(Data supplied begins)

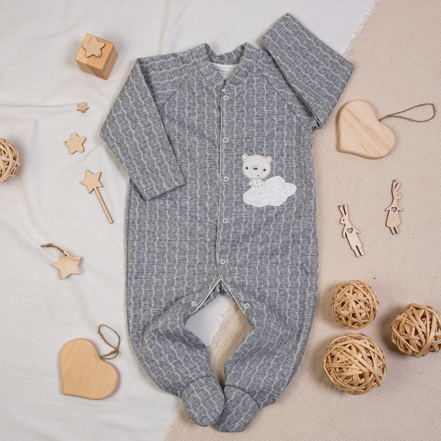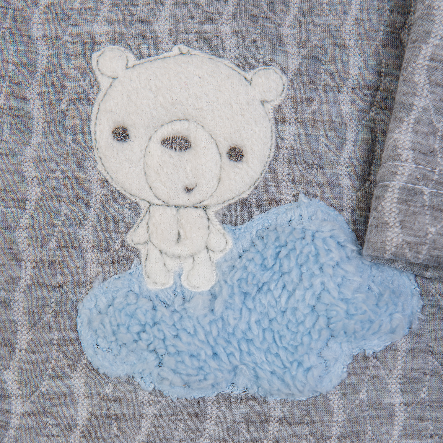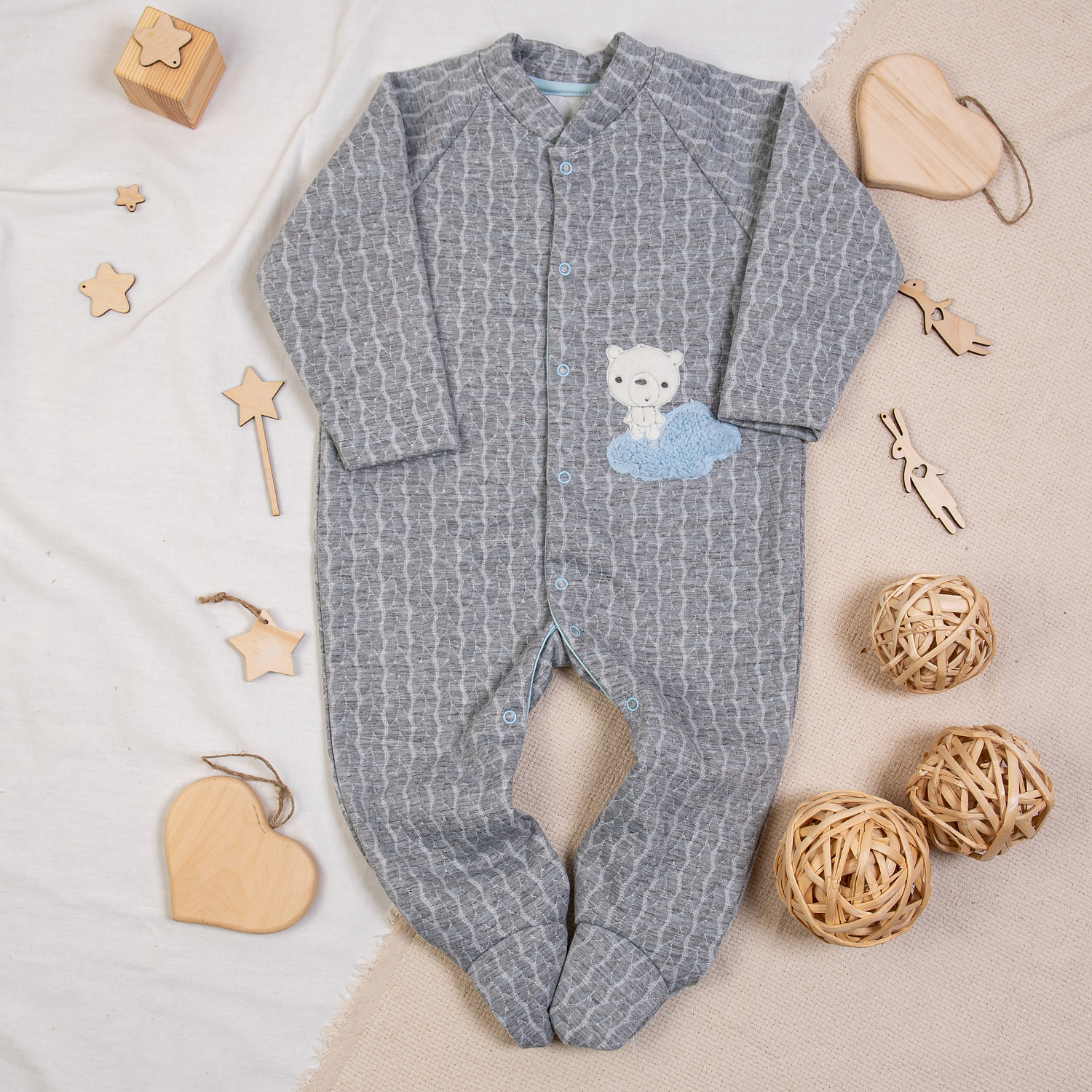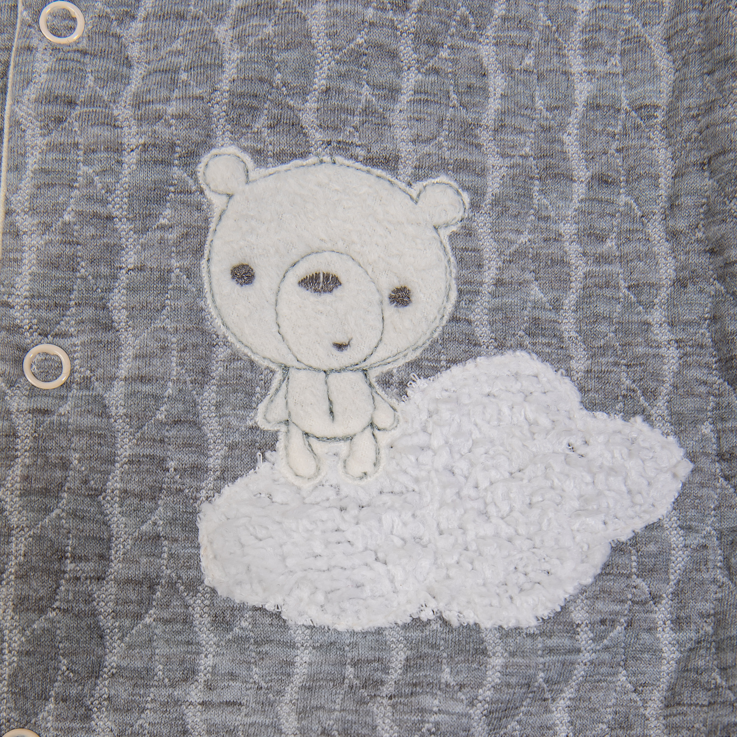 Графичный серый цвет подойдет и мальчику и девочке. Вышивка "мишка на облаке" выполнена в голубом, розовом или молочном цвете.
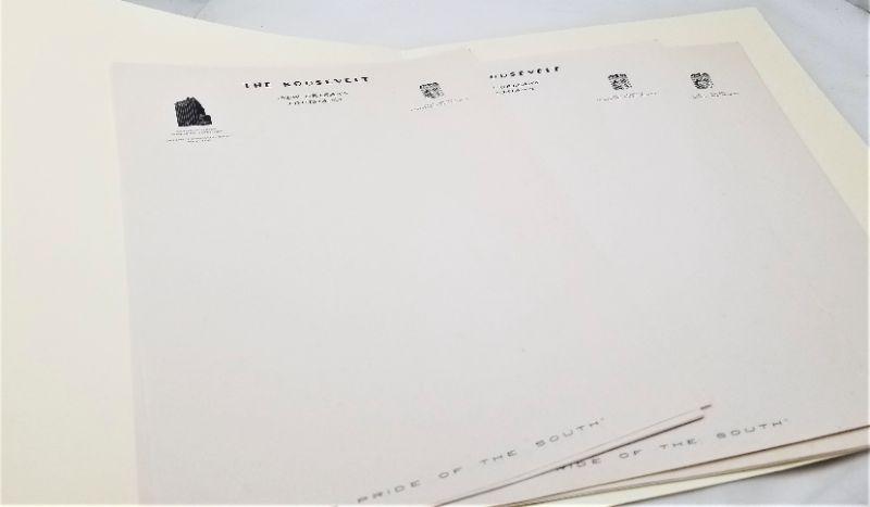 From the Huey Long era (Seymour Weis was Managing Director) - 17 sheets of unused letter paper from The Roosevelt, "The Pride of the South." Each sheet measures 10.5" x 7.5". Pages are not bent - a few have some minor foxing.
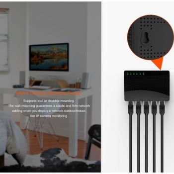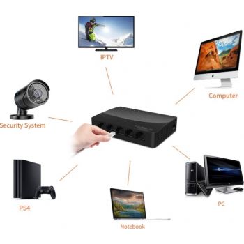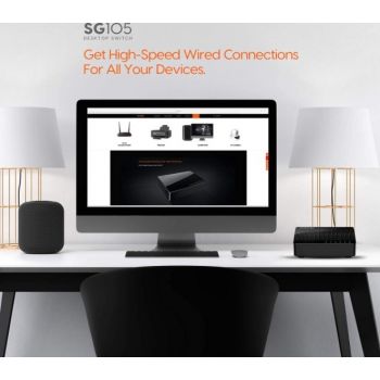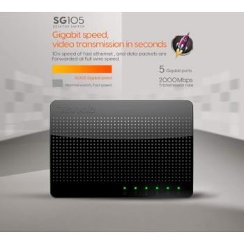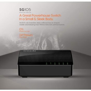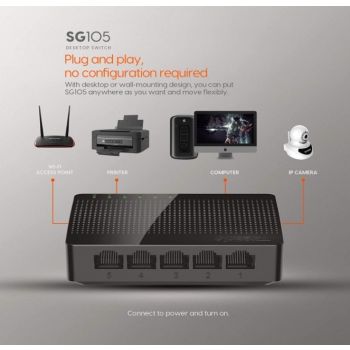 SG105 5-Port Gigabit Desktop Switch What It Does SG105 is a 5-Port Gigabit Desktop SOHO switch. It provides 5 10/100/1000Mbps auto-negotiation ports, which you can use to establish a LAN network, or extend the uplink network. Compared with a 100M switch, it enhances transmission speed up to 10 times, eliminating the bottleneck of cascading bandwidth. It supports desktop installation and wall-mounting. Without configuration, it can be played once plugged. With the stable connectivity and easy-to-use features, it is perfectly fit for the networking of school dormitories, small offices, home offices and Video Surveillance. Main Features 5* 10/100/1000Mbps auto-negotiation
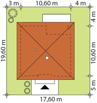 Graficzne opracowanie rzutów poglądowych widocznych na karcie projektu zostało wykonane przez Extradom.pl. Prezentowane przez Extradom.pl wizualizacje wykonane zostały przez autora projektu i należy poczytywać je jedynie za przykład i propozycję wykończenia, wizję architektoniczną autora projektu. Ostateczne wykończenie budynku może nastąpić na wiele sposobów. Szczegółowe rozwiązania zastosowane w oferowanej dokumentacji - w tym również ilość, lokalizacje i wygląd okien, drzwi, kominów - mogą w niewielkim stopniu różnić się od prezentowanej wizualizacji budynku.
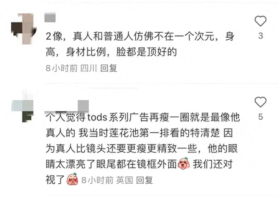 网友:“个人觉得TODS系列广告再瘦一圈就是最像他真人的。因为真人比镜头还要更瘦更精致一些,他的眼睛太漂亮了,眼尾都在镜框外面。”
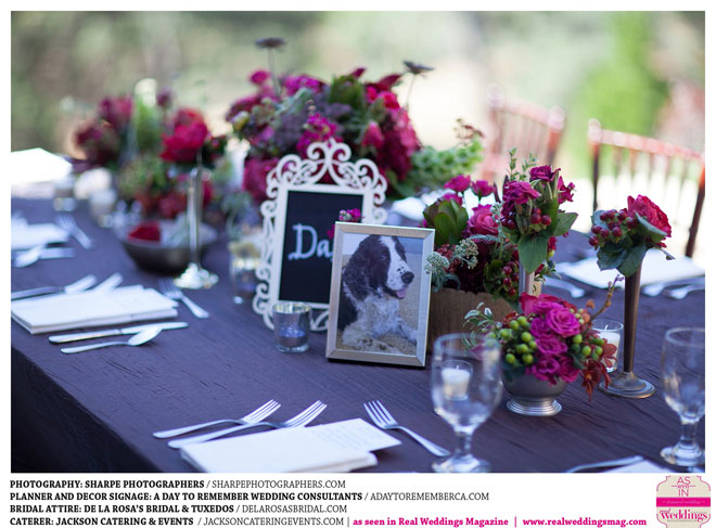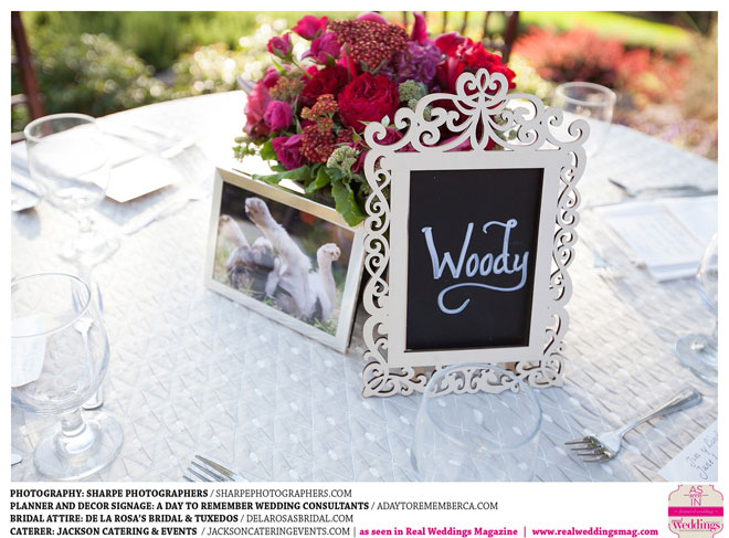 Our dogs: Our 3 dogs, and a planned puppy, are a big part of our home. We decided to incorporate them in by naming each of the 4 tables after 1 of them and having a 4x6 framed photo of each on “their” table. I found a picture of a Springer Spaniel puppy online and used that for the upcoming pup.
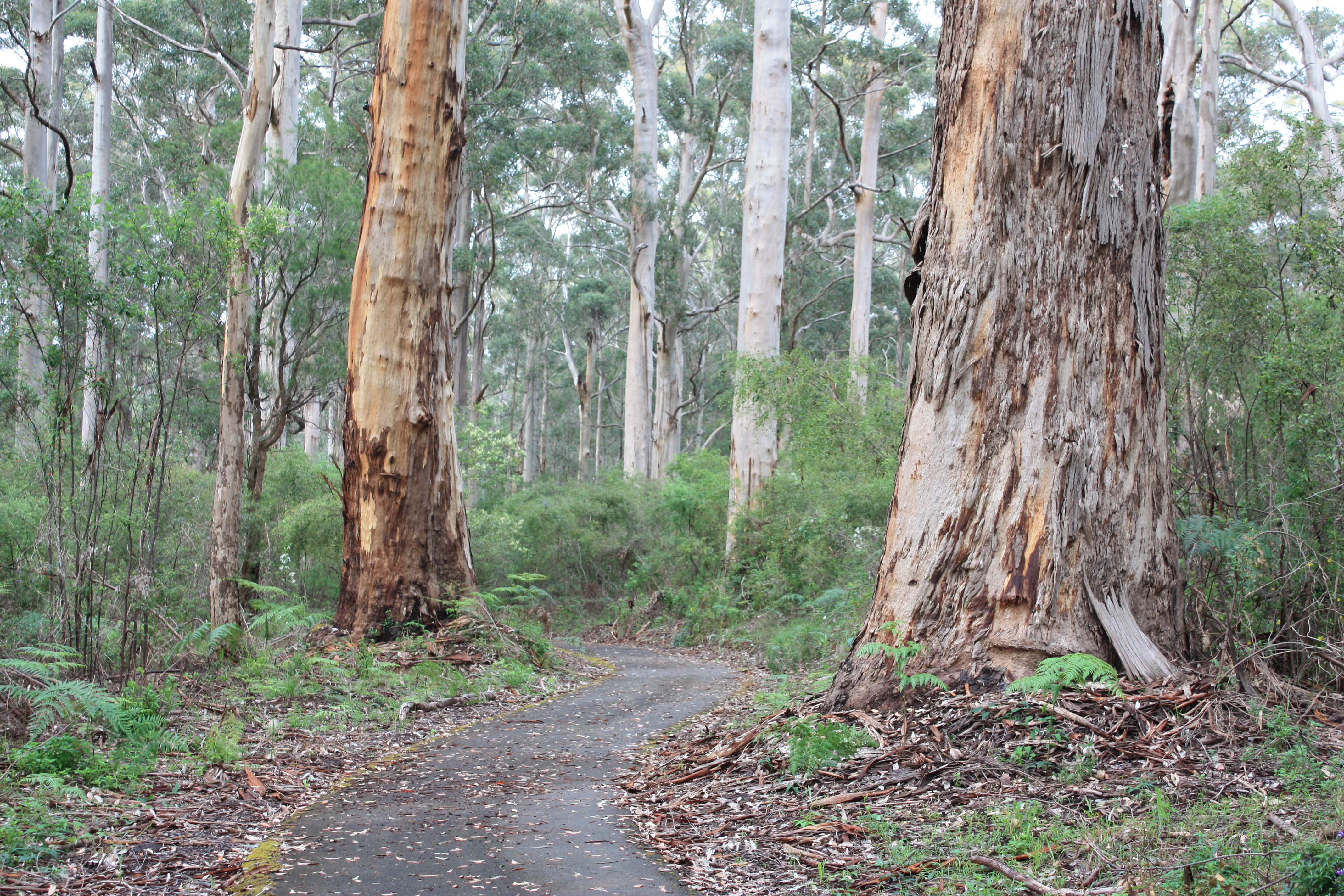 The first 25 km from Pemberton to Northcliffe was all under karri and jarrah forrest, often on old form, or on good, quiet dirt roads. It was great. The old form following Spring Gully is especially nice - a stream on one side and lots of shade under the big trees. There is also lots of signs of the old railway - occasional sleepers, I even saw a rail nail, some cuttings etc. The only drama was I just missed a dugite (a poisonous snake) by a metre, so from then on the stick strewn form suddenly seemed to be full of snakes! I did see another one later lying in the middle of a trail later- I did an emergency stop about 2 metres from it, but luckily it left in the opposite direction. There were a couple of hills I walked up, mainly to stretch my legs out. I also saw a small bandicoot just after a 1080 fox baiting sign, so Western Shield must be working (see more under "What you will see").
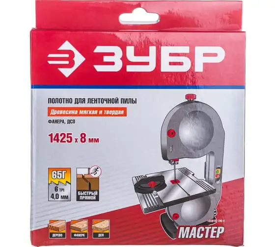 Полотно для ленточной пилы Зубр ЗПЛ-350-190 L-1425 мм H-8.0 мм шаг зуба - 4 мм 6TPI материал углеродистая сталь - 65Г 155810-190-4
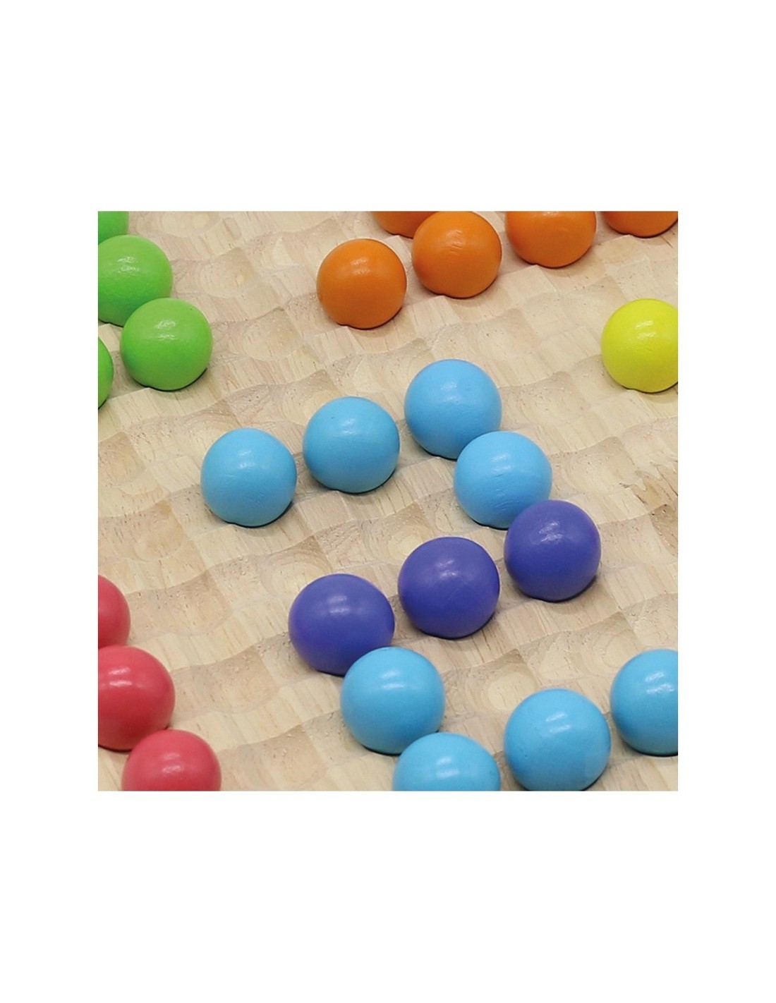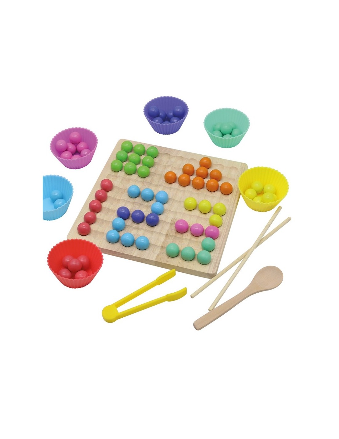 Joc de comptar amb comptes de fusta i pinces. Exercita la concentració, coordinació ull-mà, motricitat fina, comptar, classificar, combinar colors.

(Data supplied ends)

Prompt: The entries are to be transcribed word for word, without their images.

Answer for this exercise:
 Графичный серый цвет подойдет и мальчику и девочке. Вышивка "мишка на облаке" выполнена в голубом, розовом или молочном цвете.
 From the Huey Long era (Seymour Weis was Managing Director) - 17 sheets of unused letter paper from The Roosevelt, "The Pride of the South." Each sheet measures 10.5" x 7.5". Pages are not bent - a few have some minor foxing.
 SG105 5-Port Gigabit Desktop Switch What It Does SG105 is a 5-Port Gigabit Desktop SOHO switch. It provides 5 10/100/1000Mbps auto-negotiation ports, which you can use to establish a LAN network, or extend the uplink network. Compared with a 100M switch, it enhances transmission speed up to 10 times, eliminating the bottleneck of cascading bandwidth. It supports desktop installation and wall-mounting. Without configuration, it can be played once plugged. With the stable connectivity and easy-to-use features, it is perfectly fit for the networking of school dormitories, small offices, home offices and Video Surveillance. Main Features 5* 10/100/1000Mbps auto-negotiation
 Graficzne opracowanie rzutów poglądowych widocznych na karcie projektu zostało wykonane przez Extradom.pl. Prezentowane przez Extradom.pl wizualizacje wykonane zostały przez autora projektu i należy poczytywać je jedynie za przykład i propozycję wykończenia, wizję architektoniczną autora projektu. Ostateczne wykończenie budynku może nastąpić na wiele sposobów. Szczegółowe rozwiązania zastosowane w oferowanej dokumentacji - w tym również ilość, lokalizacje i wygląd okien, drzwi, kominów - mogą w niewielkim stopniu różnić się od prezentowanej wizualizacji budynku.
 网友:“个人觉得TODS系列广告再瘦一圈就是最像他真人的。因为真人比镜头还要更瘦更精致一些,他的眼睛太漂亮了,眼尾都在镜框外面。”
 Our dogs: Our 3 dogs, and a planned puppy, are a big part of our home. We decided to incorporate them in by naming each of the 4 tables after 1 of them and having a 4x6 framed photo of each on “their” table. I found a picture of a Springer Spaniel puppy online and used that for the upcoming pup.
 The first 25 km from Pemberton to Northcliffe was all under karri and jarrah forrest, often on old form, or on good, quiet dirt roads. It was great. The old form following Spring Gully is especially nice - a stream on one side and lots of shade under the big trees. There is also lots of signs of the old railway - occasional sleepers, I even saw a rail nail, some cuttings etc. The only drama was I just missed a dugite (a poisonous snake) by a metre, so from then on the stick strewn form suddenly seemed to be full of snakes! I did see another one later lying in the middle of a trail later- I did an emergency stop about 2 metres from it, but luckily it left in the opposite direction. There were a couple of hills I walked up, mainly to stretch my legs out. I also saw a small bandicoot just after a 1080 fox baiting sign, so Western Shield must be working (see more under "What you will see").
 Полотно для ленточной пилы Зубр ЗПЛ-350-190 L-1425 мм H-8.0 мм шаг зуба - 4 мм 6TPI материал углеродистая сталь - 65Г 155810-190-4
 Joc de comptar amb comptes de fusta i pinces. Exercita la concentració, coordinació ull-mà, motricitat fina, comptar, classificar, combinar colors.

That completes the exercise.